If you're not set up to blue print the engine by correcting these dimensional variations in this case possibily fill the rocker stud holes and redrill and tap them so the lifter, stud, and valve stem are in line (which can get also get you into moving the lifter or valve to get alignment) then the best alternative is to use a self guiding rocker. That will pivot the rocker so the valve end lines up with the stem. The cost will be an angle introduced to the push rod which causes inspection and possible relief of the hole where it enters the head. The additional angle does cost some information transfer between lobe and valve to be lost which of course the preservation of which is why the extensive effort and cost goes into blue printing. If you're not an in-the-money or are striving to be an in-the- money racer the effort of blue printing at this level is a lot of cost for very small gains.

Bogie
 
#10 ·
Haven't been able to get on in a while. I enlarged the guide plates and that worked out fine. Installed and adjusted the valves on one head. I'm running a solid cam. I noticed when I adjusted cylinder 5 that it was harder to turn over. So I figured just because I have more spring pressure. So after adjusting number 7 I noticed that it still feels a little harder when turned on number 5 exhaust valve opening. I'm not sure what that could be. Engine was blue printed on the bottom end. I felt the guides before the springs where installed and they all felt the same ex and In. being just a tad tighter. Any ideas what it could be? Tight spring? Even though they were shimmed properly. Bottom end turned perfectly fine before number 5 vales adjusted, doesn't feel like anything is hitting anywhere either. Really don't want to tear the head back off. It's also possible that it just me being paranoid. Thanks again for all the help.
 
#13 ·
Even with everything swapped it still wants to bind. And with the valve spring removed I can pull the valve up and down by hand with no effort at all. The only time the engine wants to feel like it will bind up is when valve lash is set. Everything is all oiled up. #7 ex valve starts to open just as #5 is just about to come back down. If I lose the rocker on #7 now, it feels easier to turn, as in doesn't want to bind. Only possible thing I can think of is the dampners may be causing the issue so I'll remove them. If that doesn't do it I'm not sure where else to look except maybe cam lobe issue. Valves are brand new.
 
#17 ·
Or the piston and valve are interfering with each other reasons could be the cam isn't timed with the crank, or the lift is enough to generate interferance.

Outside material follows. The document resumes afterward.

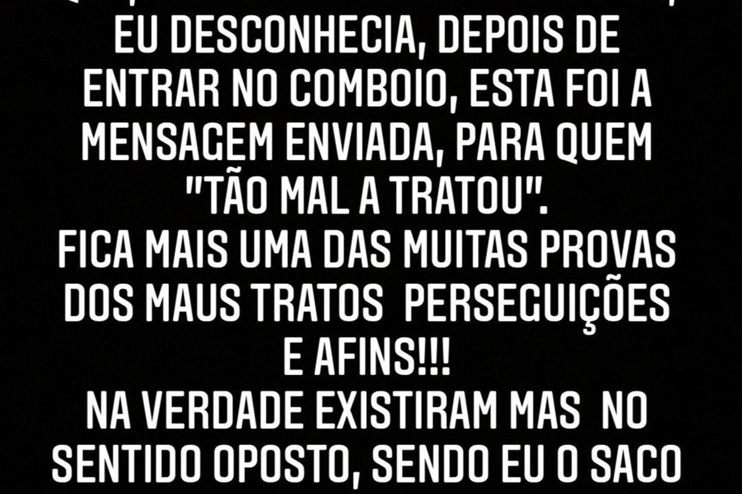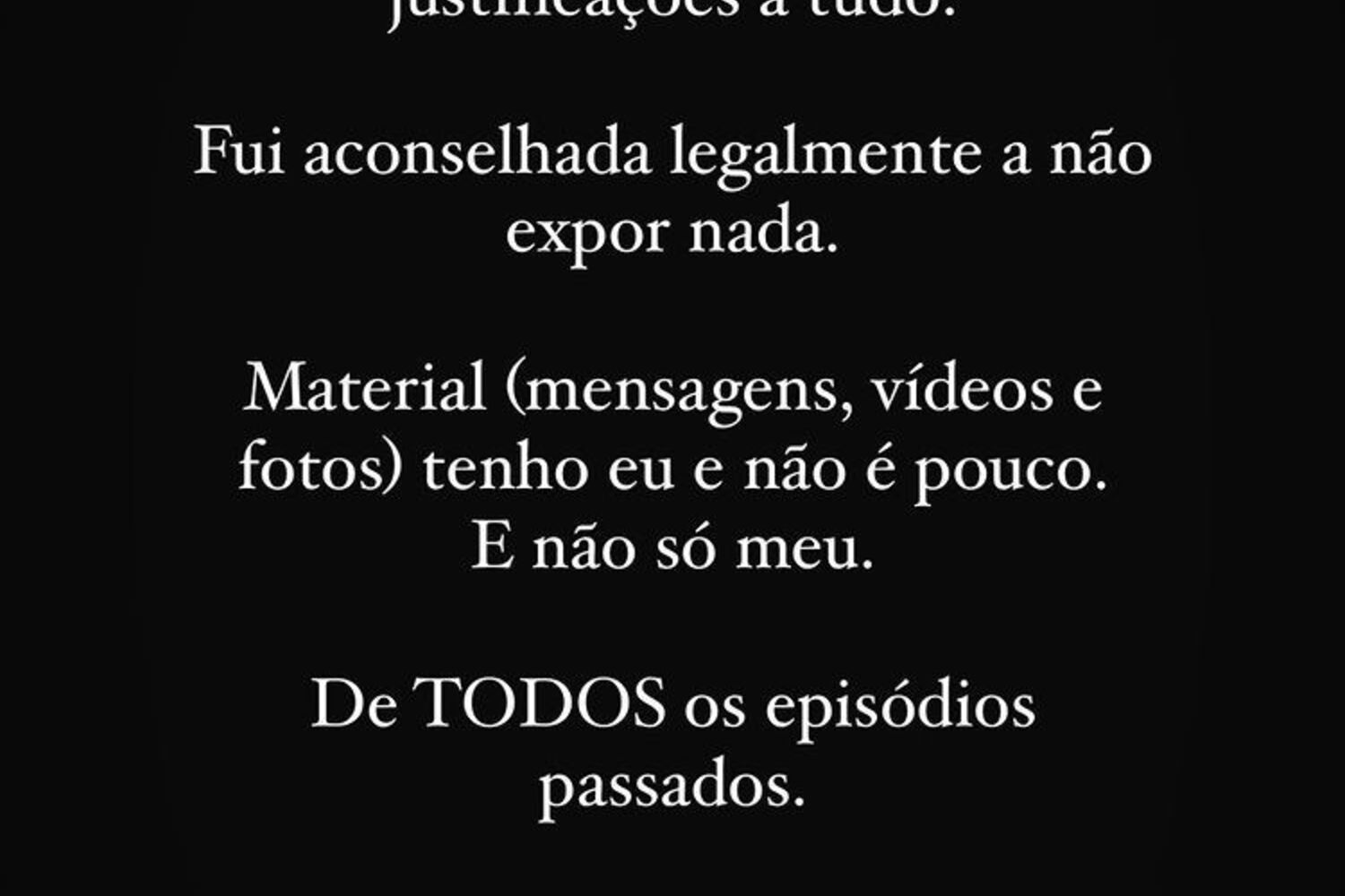 "Hoje coloquei um ponto final naquilo que já devia ter feito há muito tempo. Como vocês sabem a minha 'relação' sofria grandes percalços e era tudo menos uma relação normal. Viver numa relação de ameaças e de mentiras estava a deixar-me de rastos", começou por escrever.
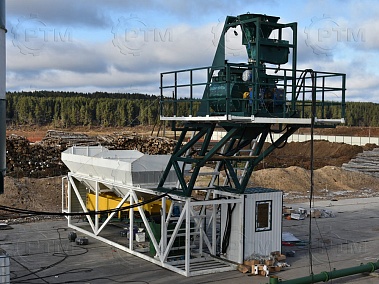 Данный завод производительность от 35 до 45 м3/час товарного бетона марки м200 или раствора. Объём загрузки бетоносмесителя 1200 литров, объем выгрузки готового бетона 800 литров. Один цикл не более 55 секунд. Время работы цикла регулируется оператором бетонного завода.

It could be considered that spring or retainer is binding or a valve is bent. I that was a stem it would probably stick once open however a bent head could get into the piston.

Actually 40 for pounds to rotate the shaft of a newly built engine isn't out of line it's the binding that appears to be linked to a valve position that is cause for concern and needs to be checked out.

Once running the engine won't require so much torque to rotate because the oil films are different in a running engine, hand rotation doesn't build any hydro wedges between parts so much of what is felt is both showing run in time is needed to mate the parts which will reduce rotational resistance.

Bogie
 
#16 ·
No.. it doesn't because every time a lifter is rising another is falling. The friction to turn the cam should increase some but not dramatically with just one valve lash adjustment. You might verify that one spring is the same as all the rest of them. You could even swap lifters, pushrods and rockers and springs with another hole for testing purposes. I've don't several FT cam with just the outer spring and dampers left in so I find this whole thing very strange.
 
#18 ·
It doesn't take a constant 40 ft lbs, the most it takes is 40 ft lbs when valves are opening. I talked to a very well know engine builder today and he said to definitely take the dampner springs out. He said since it's a duel spring, the inner spring is what keeps the dampner centered. He's seen people leave them in and tear apart valve seals, bind up and do other damage during break in. So I'll take them out tonight and post my results when I get a chance. Thanks again.
 
#19 ·
Well I removed the dampners. Seemed to turn over much better.....I'm at a total loss, I can turn it by hand let's say 20 times and then randomly it will feel like it's binding. I'm not sure what else to check. Doesn't sound like a ring is broken unless one is. It always seems to be when #5 ex is just about full open and then it will bind when ever it wants to. I loosen that rocker and spins no problem. I even loosened the corresponding intake rocker (i think it was Cy 3) that starts to open when #5 ex is almost coming back down and it will spin no problem. Intake is not on so I got in there with a light doesn't seem like intake valve is hitting anything and also doesn't seem like exhaust valves are hitting anything. Bottom end was fully blue printed, bored, non file rings. Not sure where else to look except for tearing the motor all down again. I don't get why it does it randomly. Or am I just driving myself crazy and possibly because it's not all seated in yet. At a loss now.